• **Information given**
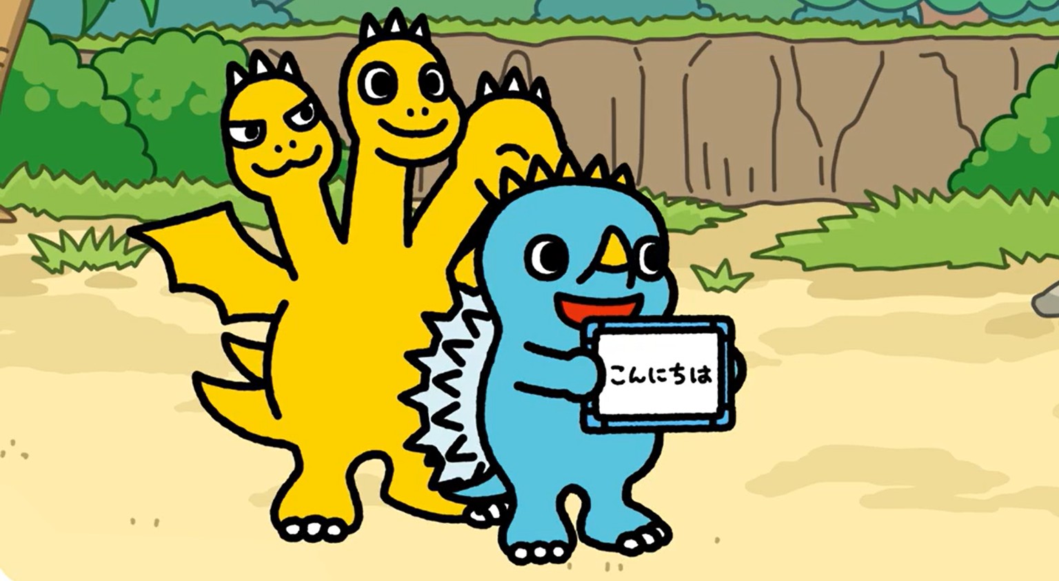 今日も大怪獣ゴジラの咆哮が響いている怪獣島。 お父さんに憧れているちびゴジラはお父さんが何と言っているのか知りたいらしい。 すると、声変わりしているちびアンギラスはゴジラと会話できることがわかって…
* * *
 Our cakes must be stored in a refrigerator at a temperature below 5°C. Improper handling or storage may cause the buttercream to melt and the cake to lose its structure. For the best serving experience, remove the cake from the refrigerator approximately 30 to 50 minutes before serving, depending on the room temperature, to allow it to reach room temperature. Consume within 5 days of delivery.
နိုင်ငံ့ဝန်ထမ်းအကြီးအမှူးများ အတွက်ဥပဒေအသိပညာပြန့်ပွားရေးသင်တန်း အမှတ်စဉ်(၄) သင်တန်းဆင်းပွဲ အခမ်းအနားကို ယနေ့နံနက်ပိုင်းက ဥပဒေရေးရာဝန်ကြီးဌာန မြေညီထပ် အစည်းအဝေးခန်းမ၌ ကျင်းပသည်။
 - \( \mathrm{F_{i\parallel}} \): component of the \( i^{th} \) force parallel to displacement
--
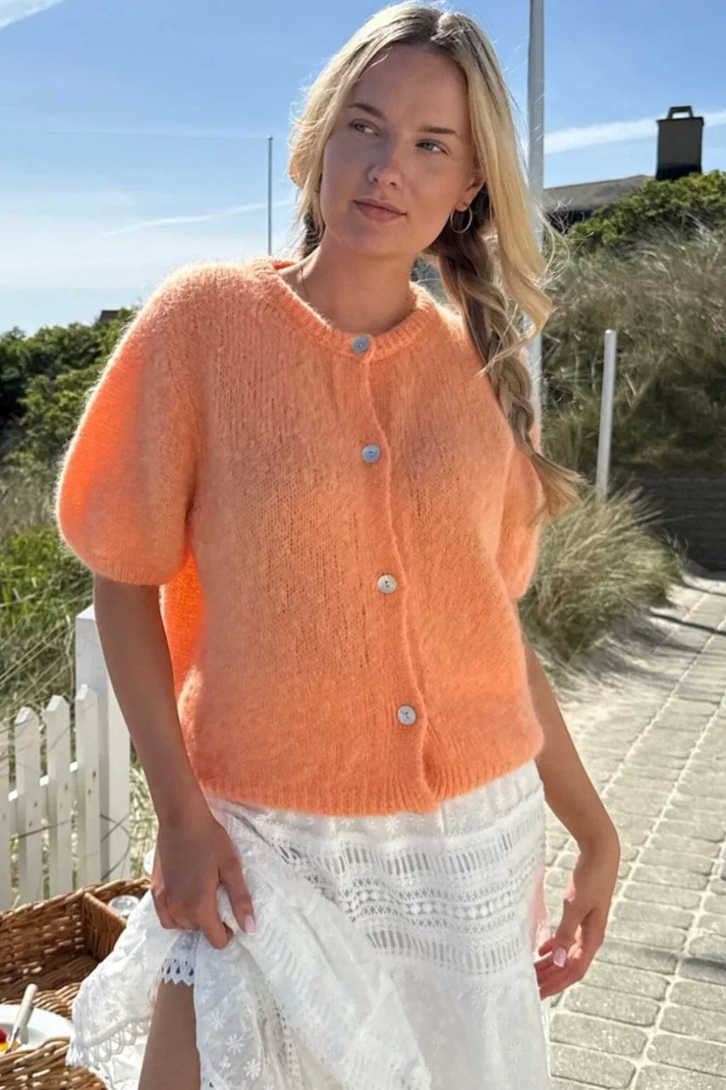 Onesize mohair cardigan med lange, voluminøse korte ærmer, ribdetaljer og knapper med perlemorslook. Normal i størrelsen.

• **Work request**
In the listing above, find the line with "မြေညီထပ် အစည်းအဝေးခန်းမ၌ ကျင်းပသည်။" and the line with "parallel to displacement", then reproduce both and every line between them exactly.

• **Answer box**
နိုင်ငံ့ဝန်ထမ်းအကြီးအမှူးများ အတွက်ဥပဒေအသိပညာပြန့်ပွားရေးသင်တန်း အမှတ်စဉ်(၄) သင်တန်းဆင်းပွဲ အခမ်းအနားကို ယနေ့နံနက်ပိုင်းက ဥပဒေရေးရာဝန်ကြီးဌာန မြေညီထပ် အစည်းအဝေးခန်းမ၌ ကျင်းပသည်။
 - \( \mathrm{F_{i\parallel}} \): component of the \( i^{th} \) force parallel to displacement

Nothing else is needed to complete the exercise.